▶ **DATA FOR PROCESSING**:
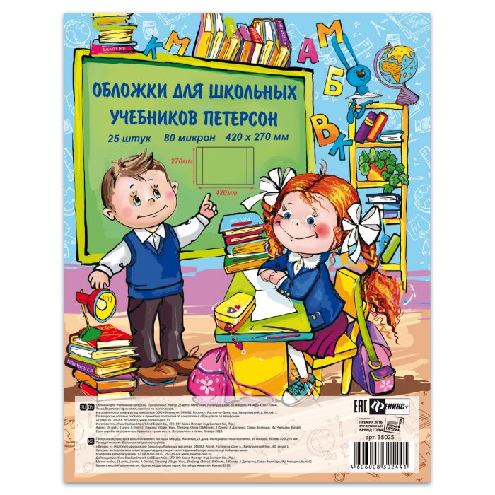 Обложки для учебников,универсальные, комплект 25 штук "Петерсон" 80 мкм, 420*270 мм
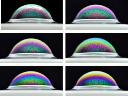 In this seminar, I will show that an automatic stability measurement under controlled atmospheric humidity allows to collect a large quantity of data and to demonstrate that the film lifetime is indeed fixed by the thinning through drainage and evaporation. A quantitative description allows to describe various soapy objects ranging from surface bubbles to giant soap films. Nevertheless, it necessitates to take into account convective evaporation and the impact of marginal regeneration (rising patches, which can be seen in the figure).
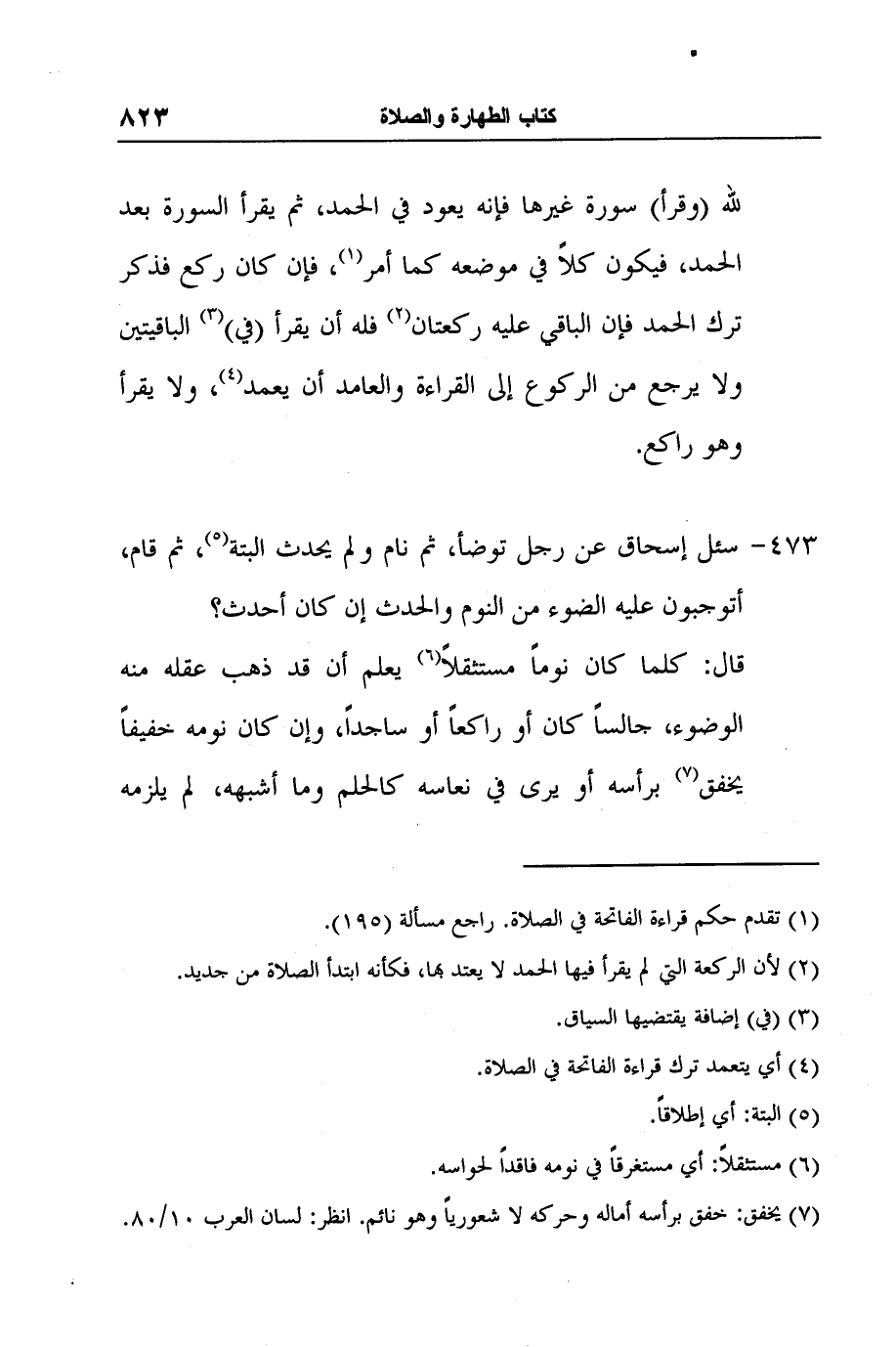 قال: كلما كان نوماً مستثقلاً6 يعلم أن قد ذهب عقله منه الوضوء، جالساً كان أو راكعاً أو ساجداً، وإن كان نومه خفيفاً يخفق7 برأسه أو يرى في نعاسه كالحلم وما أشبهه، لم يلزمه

...

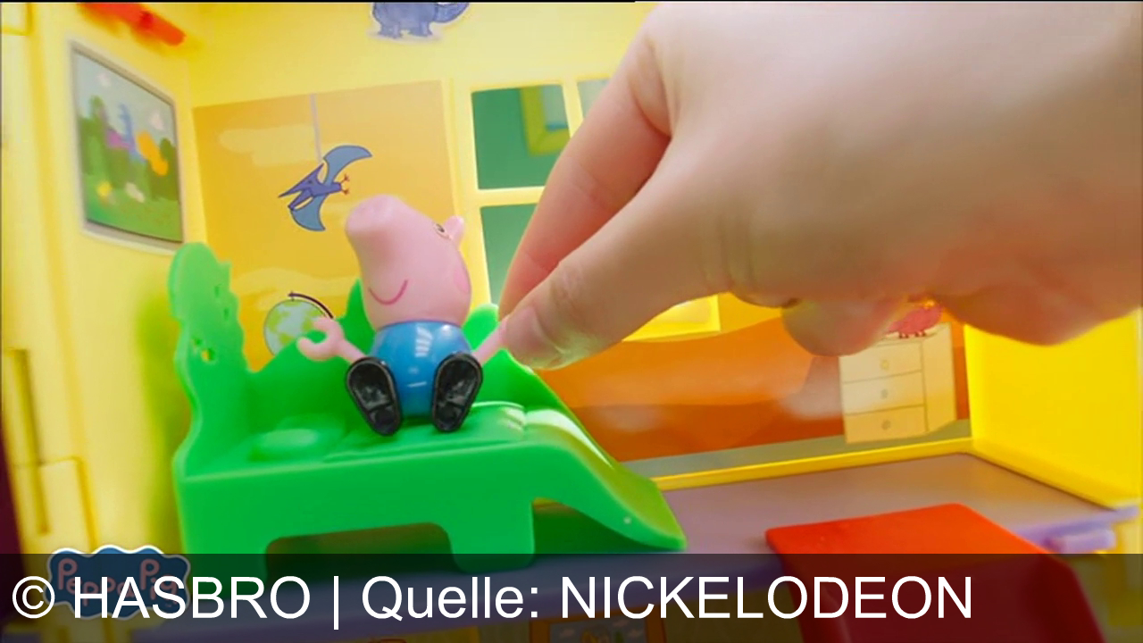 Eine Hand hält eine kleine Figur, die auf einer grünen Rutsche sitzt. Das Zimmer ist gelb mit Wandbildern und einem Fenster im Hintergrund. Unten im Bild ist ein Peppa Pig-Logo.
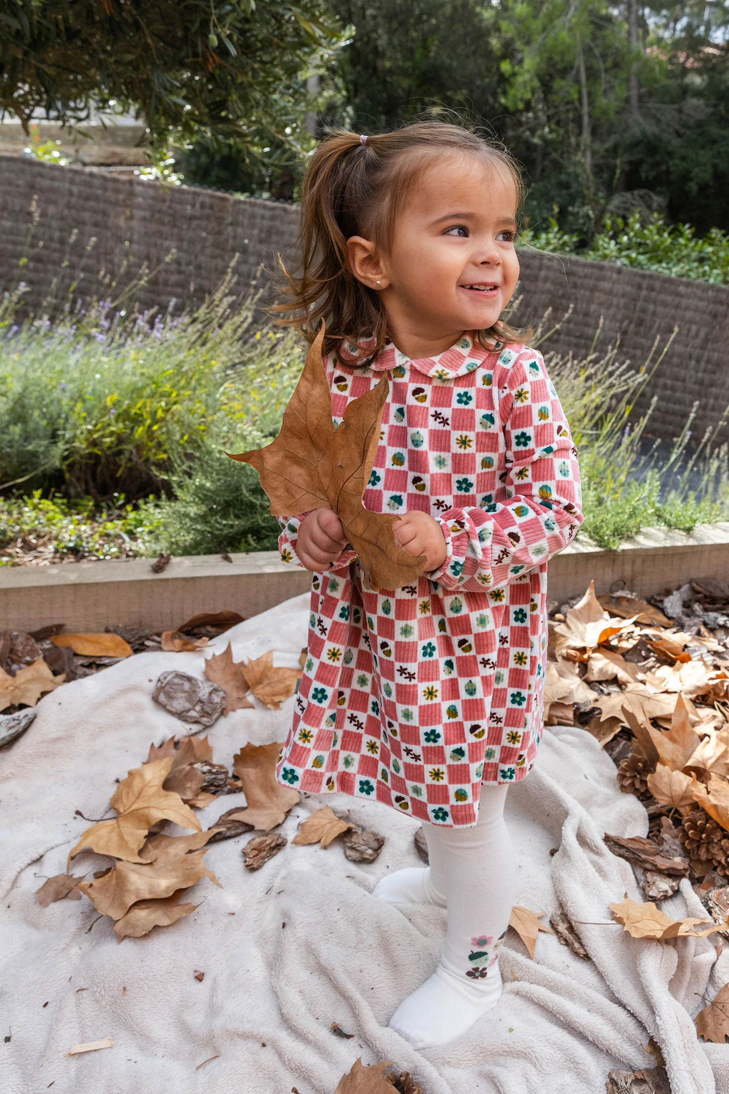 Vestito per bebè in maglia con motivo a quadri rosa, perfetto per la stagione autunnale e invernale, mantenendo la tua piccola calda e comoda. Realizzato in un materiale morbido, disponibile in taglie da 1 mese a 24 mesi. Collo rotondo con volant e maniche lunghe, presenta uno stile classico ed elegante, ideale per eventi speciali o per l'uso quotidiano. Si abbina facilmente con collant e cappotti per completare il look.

▶ **WORK REQUIRED**: Transcribe, word for word, the lines of the listing above from the one that contains "Eine Hand hält" through the one that contains "Vestito per bebè", keeping both ends and dropping the pictures.

▶ **TASK RESPONSE**:
 Eine Hand hält eine kleine Figur, die auf einer grünen Rutsche sitzt. Das Zimmer ist gelb mit Wandbildern und einem Fenster im Hintergrund. Unten im Bild ist ein Peppa Pig-Logo.
 Vestito per bebè in maglia con motivo a quadri rosa, perfetto per la stagione autunnale e invernale, mantenendo la tua piccola calda e comoda. Realizzato in un materiale morbido, disponibile in taglie da 1 mese a 24 mesi. Collo rotondo con volant e maniche lunghe, presenta uno stile classico ed elegante, ideale per eventi speciali o per l'uso quotidiano. Si abbina facilmente con collant e cappotti per completare il look.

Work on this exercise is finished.